ABOUT THIS EXERCISE
Copy the data exactly from the line that contains "打工仔長時間坐在辦公室工作,導致肩頸肌肉繃緊。醫管局..." through the line that contains "y sillón. 55″", keeping both end lines and leaving out everything else.

SUPPLIED INFORMATION
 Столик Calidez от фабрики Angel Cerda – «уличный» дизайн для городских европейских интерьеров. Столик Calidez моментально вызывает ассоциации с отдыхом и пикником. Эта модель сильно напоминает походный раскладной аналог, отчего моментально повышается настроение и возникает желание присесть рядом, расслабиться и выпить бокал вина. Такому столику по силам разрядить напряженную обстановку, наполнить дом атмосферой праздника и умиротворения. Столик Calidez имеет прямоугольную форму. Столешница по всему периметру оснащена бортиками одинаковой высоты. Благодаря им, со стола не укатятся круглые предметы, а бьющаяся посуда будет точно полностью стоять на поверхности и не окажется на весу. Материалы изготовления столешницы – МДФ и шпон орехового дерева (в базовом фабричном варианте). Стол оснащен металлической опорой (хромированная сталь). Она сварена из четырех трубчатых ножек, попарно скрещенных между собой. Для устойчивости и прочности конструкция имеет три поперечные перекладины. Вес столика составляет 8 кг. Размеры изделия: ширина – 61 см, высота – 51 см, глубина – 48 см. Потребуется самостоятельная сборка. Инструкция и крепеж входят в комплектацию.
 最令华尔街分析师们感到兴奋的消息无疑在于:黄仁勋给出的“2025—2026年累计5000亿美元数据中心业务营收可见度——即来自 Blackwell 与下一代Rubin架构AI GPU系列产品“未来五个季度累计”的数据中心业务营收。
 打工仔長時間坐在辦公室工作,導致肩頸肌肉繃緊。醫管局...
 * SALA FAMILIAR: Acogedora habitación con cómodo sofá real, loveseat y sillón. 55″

--

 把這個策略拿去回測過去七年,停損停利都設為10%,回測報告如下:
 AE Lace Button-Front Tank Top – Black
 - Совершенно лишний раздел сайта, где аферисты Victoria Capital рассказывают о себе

REPLY
 打工仔長時間坐在辦公室工作,導致肩頸肌肉繃緊。醫管局...
 * SALA FAMILIAR: Acogedora habitación con cómodo sofá real, loveseat y sillón. 55″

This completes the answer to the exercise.